If the latter is chosen, pipeline processes will be automatically parallelized. Additionally, each individual process can be allocated specific computing resource instructions when nodes are requested.

Local config example:

process {
  executor = 'local'
}

Cloud computing config example:

process {
  executor = 'sge'
  scratch = true

  $trim_galore.clusterOptions       = "-P montilab -l h_rt=24:00:00 -pe omp 8"
  $star_mapping.clusterOptions      = "-P montilab -l h_rt=24:00:00 -l mem_total=94G -pe omp 16"
  $counting.clusterOptions          = "-P montilab -l h_rt=24:00:00 -pe omp 8"
  $expression_matrix.clusterOptions = "-P montilab -l h_rt=24:00:00 -pe omp 8"
  $multiqc.clusterOptions           = "-P montilab -l h_rt=24:00:00 -pe omp 8"
}

Pipeline Options and Parameters

The rest of the configuration file is dedicated to the different pipeline options and process parameters that can be specified.
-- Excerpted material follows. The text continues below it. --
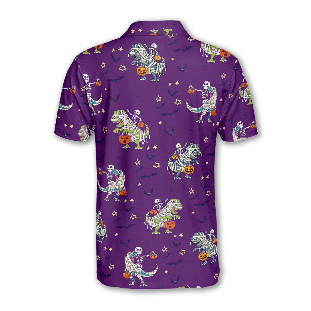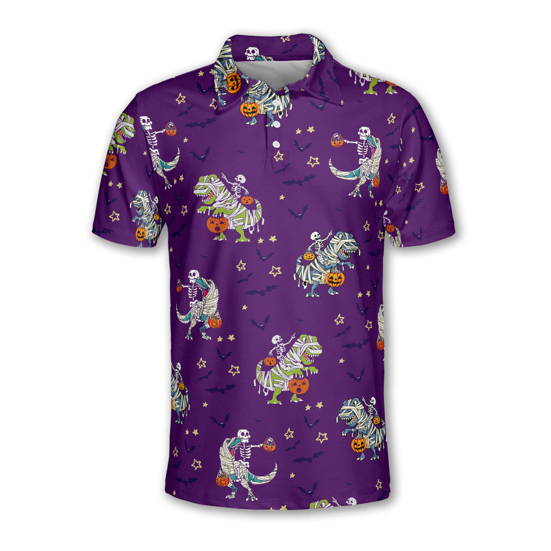 Skull Dinosaur Halloween Mens Purple Golf Polo Shirt, Mens Halloween Golf Shirt GZ0118

Some important examples include the following:

# General pipeline parameters
aligner      = "hisat"
quantifier   = "htseq"

# Process-specific parameters
htseq.type   = "exon"
htseq.mode   = "union"
htseq.idattr = "gene_id"
htseq.order  = "pos"

Pipeline Script

Template Processes

Pipelines written in Nextflow consist of a series of processes. Processes specify data I/O and typically wrap around third-party software tools to process this data. Processes are connected through channels – asynchronous FIFO queues – which manage the flow of data throughout the pipeline.

Processes have the following basic structure:

process <name> {

    input:
    <process inputs>

    output:
    <process outputs>

    script:
    <user script to be executed>
}

Often, the script portion of the processes are reused by various sequencing pipelines. To help standardize pipeline development and ensure good practices are propogated to all pipelines, template processes are defined and inherited by pipeline processes.

Note

Templates are located in pipelines/templates

For example, these two processes execute the same code:

# Without inheritance
process htseq {

    input:
    <process inputs>

    output:
    <process outputs>

    script:
    '''
    samtools view ${bamfiles} | htseq-count - ${gtf} \\
    --type   ${params.htseq.type}   \\
    --mode   ${params.htseq.mode}   \\
    --idattr ${params.htseq.idattr} \\
    --order  ${params.htseq.order}  \\
    > counts.txt
    '''
}

# With inheritance
process htseq {

    input:
    <process inputs>

    output:
    <process outputs>

    script:
    template 'htseq.sh'
}

Output

The RNA-seq pipeline output has the following basic structure:

/pipeliner/RNA-seq
└── /results
    │
    ├── /sample_1
    │   ├── /trimgalore      | Trimmed Reads (.fq.gz) for sample_1
    │   ├── /fastqc
    │   ├── /rseqc
    │   └── /htseq
    │
    ├── /alignments          | Where (.bams) are saved
    ├── /aligner
    │   └── /index           | Index created and used during mapping
    │
    ├── /expression_matrix   | Aggregated count matrix
    ├── /expression_set      | An expression set (.rds) object
    ├── /reports             | Aggregated report across all samples pre/post pipeliner
    └── /logs                | Process-related logs

Each sample will have its own directory with sample-specific data and results for each process. Additionally, sequencing alignment files and the indexed reference genome will be saved for future use if specified. Summary reports pre/post-workflow can be found inside the reports directory.